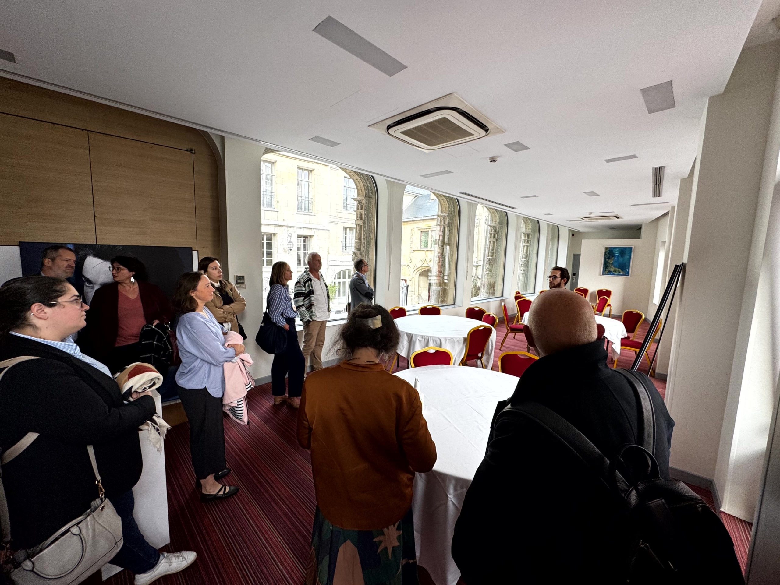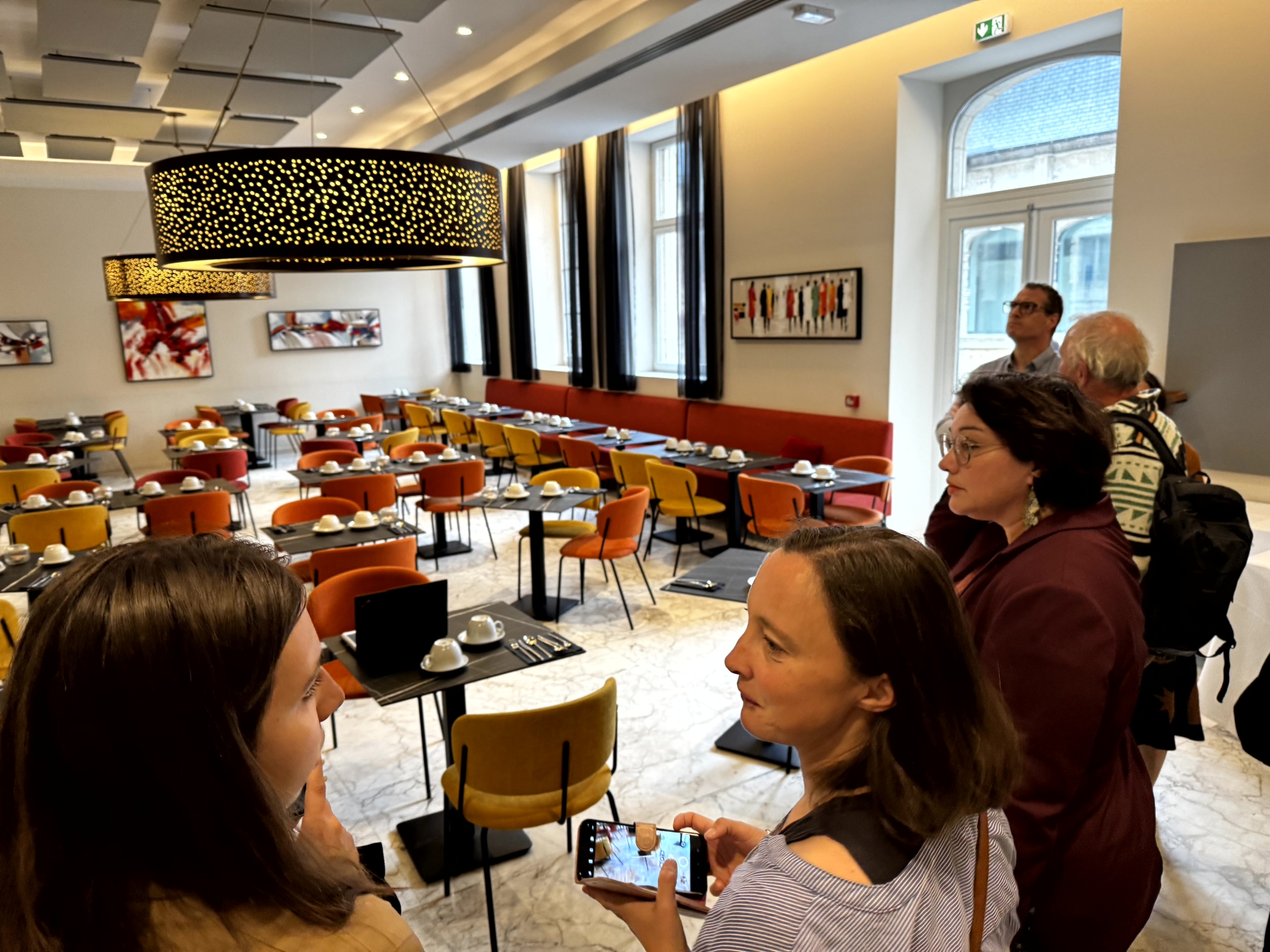 Élise et Tristan menant les deux groupes de visite, ont souligné le caractère unique de chaque chambre, adaptation nécessaire à l’architecture historique du bâtiment. Des espaces classiques de vingt mètres carrés aux suites prestigieuses de quarante mètres carrés, l’établissement propose une gamme complète d’hébergements. Au-delà des chambres, nos adhérents ont pu apprécier les espaces ouverts au public : le bar L’Atrium, le restaurant L’Aumale et le spa, accessibles à tous sans nécessité de séjourner sur place. Ainsi que certaines des salles de séminaires, comme la sublime salle du Conseil donnant à la fois sur la cour d’honneur et le temple Saint-Éloi.
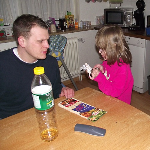 Nach ein wenig Trödelei heute morgen sind wir alle um kurz nach 11 Uhr aufgebrochen. Chris mit Lena zum Friseur, Jana und ich in die Stadt. Sind erst bei Schwesterchen vorbei, dann bei Tedi rein (Batterien und Erdbeerpflänzchen) und gegenüber zu Photo Porst (Tasche für meine Cam). Ab in die Nordseepassage Würstchen essen, zu Rossmann (Katzenfutter und Badesalz) und zu H&M (Shirt für Jana). Bei H&M wollte Jana MIR andauernd die unmöglichsten Klamotten andrehen (von wem hat das Kind die Vorliebe für Leopardenlook???!), für sich selbst dann aber das gute alte Rosa haben. Wo wir schon mal so schön oben auf der Galerie waren, sind wir noch fix in Richtung Toiletten und im Tierladen rein (hach, 2 Meeris hätten wir am liebsten gleich eingepackt und den einen durchgeknallten Hamster für mich). Weiter ging es zurück in die Marktstraße. Bei Ernsting’s geschnüstert, 2 Apotheken wegen Lenas Lotion abgeklappert (muss bestellt werden, das bekomm ich dann im Internet aber billiger), bei Dannmann hat Jana ihr Geld für eine Schleichfigur auf den Kopf gehauen, bei Woolworth und Nanu Nana haben wir nur so geschaut. Und weil wir so langsam wieder Hunger bekamen, haben wir uns eine Pommes geteilt und ich hab Jana bei Ernsting’s ihre gewünschte Armbanduhr gekauft. Und weil es bis dahin so schön harmonisch abgelaufen ist, sind wir noch im Kino gelandet. Rapunzel geschaut, dank Menü hat Jana jetzt auch ihr Uno-Spiel (ich bezahl doch nicht 5 Euro für die Reiseversion, wenn ich das im Kino noch mit Cola und Popcorn dazu bekomme *g*) und nach dem Film mit einer sichtlich müden Jana mit dem Bus wieder nach Hause.
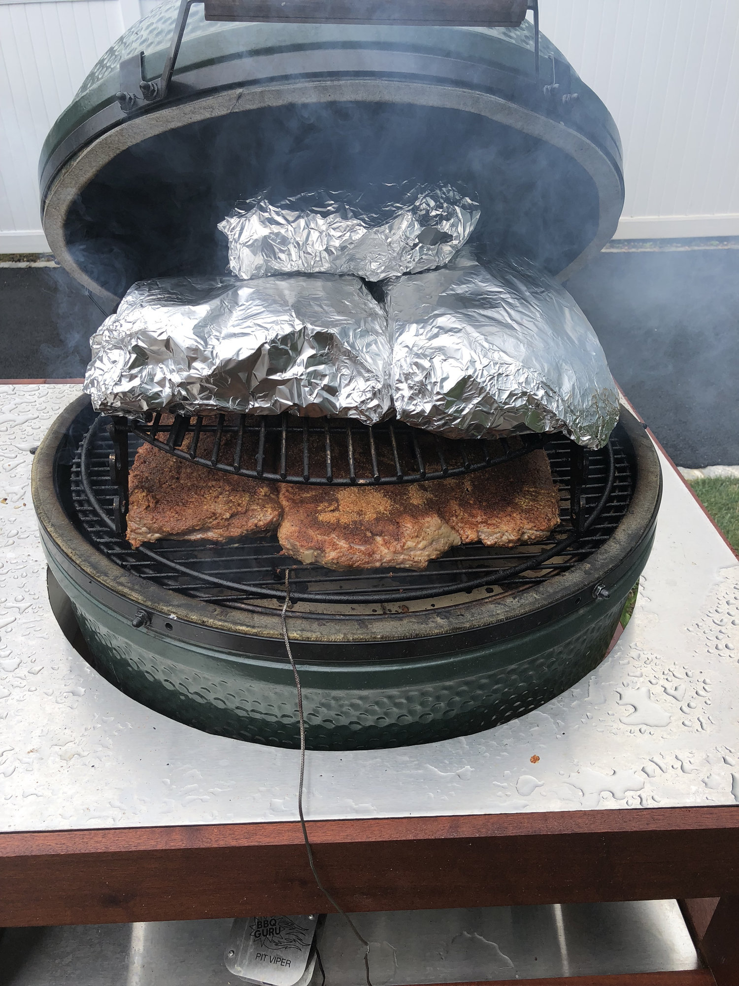 and as far as IT i used my POP and it reads around 185-190 Im assuming this is going to be the stall because if not, they are cooking way to fast. Should I do anything to slow them down wasn't planning on FTC till around 3-4 as were eating at 6. Egg has been holding pretty steady at a grate temp of 270 and the dome temp reads 260 since I moved the clip to read over the platesetter and not directly over the open flame. I still have the 3 racks of pork ribs which I have to cook and at that time I was going to add the rig and raise the cow ribs to the top rack and place the pork ribs on the bottom shelf where the cow ribs are now. As im typing this the sy just opened up and it is now pouring

The problem: Without the pictures, repeat the listing above exactly.

Exercise result:
 Élise et Tristan menant les deux groupes de visite, ont souligné le caractère unique de chaque chambre, adaptation nécessaire à l’architecture historique du bâtiment. Des espaces classiques de vingt mètres carrés aux suites prestigieuses de quarante mètres carrés, l’établissement propose une gamme complète d’hébergements. Au-delà des chambres, nos adhérents ont pu apprécier les espaces ouverts au public : le bar L’Atrium, le restaurant L’Aumale et le spa, accessibles à tous sans nécessité de séjourner sur place. Ainsi que certaines des salles de séminaires, comme la sublime salle du Conseil donnant à la fois sur la cour d’honneur et le temple Saint-Éloi.
 Nach ein wenig Trödelei heute morgen sind wir alle um kurz nach 11 Uhr aufgebrochen. Chris mit Lena zum Friseur, Jana und ich in die Stadt. Sind erst bei Schwesterchen vorbei, dann bei Tedi rein (Batterien und Erdbeerpflänzchen) und gegenüber zu Photo Porst (Tasche für meine Cam). Ab in die Nordseepassage Würstchen essen, zu Rossmann (Katzenfutter und Badesalz) und zu H&M (Shirt für Jana). Bei H&M wollte Jana MIR andauernd die unmöglichsten Klamotten andrehen (von wem hat das Kind die Vorliebe für Leopardenlook???!), für sich selbst dann aber das gute alte Rosa haben. Wo wir schon mal so schön oben auf der Galerie waren, sind wir noch fix in Richtung Toiletten und im Tierladen rein (hach, 2 Meeris hätten wir am liebsten gleich eingepackt und den einen durchgeknallten Hamster für mich). Weiter ging es zurück in die Marktstraße. Bei Ernsting’s geschnüstert, 2 Apotheken wegen Lenas Lotion abgeklappert (muss bestellt werden, das bekomm ich dann im Internet aber billiger), bei Dannmann hat Jana ihr Geld für eine Schleichfigur auf den Kopf gehauen, bei Woolworth und Nanu Nana haben wir nur so geschaut. Und weil wir so langsam wieder Hunger bekamen, haben wir uns eine Pommes geteilt und ich hab Jana bei Ernsting’s ihre gewünschte Armbanduhr gekauft. Und weil es bis dahin so schön harmonisch abgelaufen ist, sind wir noch im Kino gelandet. Rapunzel geschaut, dank Menü hat Jana jetzt auch ihr Uno-Spiel (ich bezahl doch nicht 5 Euro für die Reiseversion, wenn ich das im Kino noch mit Cola und Popcorn dazu bekomme *g*) und nach dem Film mit einer sichtlich müden Jana mit dem Bus wieder nach Hause.
 and as far as IT i used my POP and it reads around 185-190 Im assuming this is going to be the stall because if not, they are cooking way to fast. Should I do anything to slow them down wasn't planning on FTC till around 3-4 as were eating at 6. Egg has been holding pretty steady at a grate temp of 270 and the dome temp reads 260 since I moved the clip to read over the platesetter and not directly over the open flame. I still have the 3 racks of pork ribs which I have to cook and at that time I was going to add the rig and raise the cow ribs to the top rack and place the pork ribs on the bottom shelf where the cow ribs are now. As im typing this the sy just opened up and it is now pouring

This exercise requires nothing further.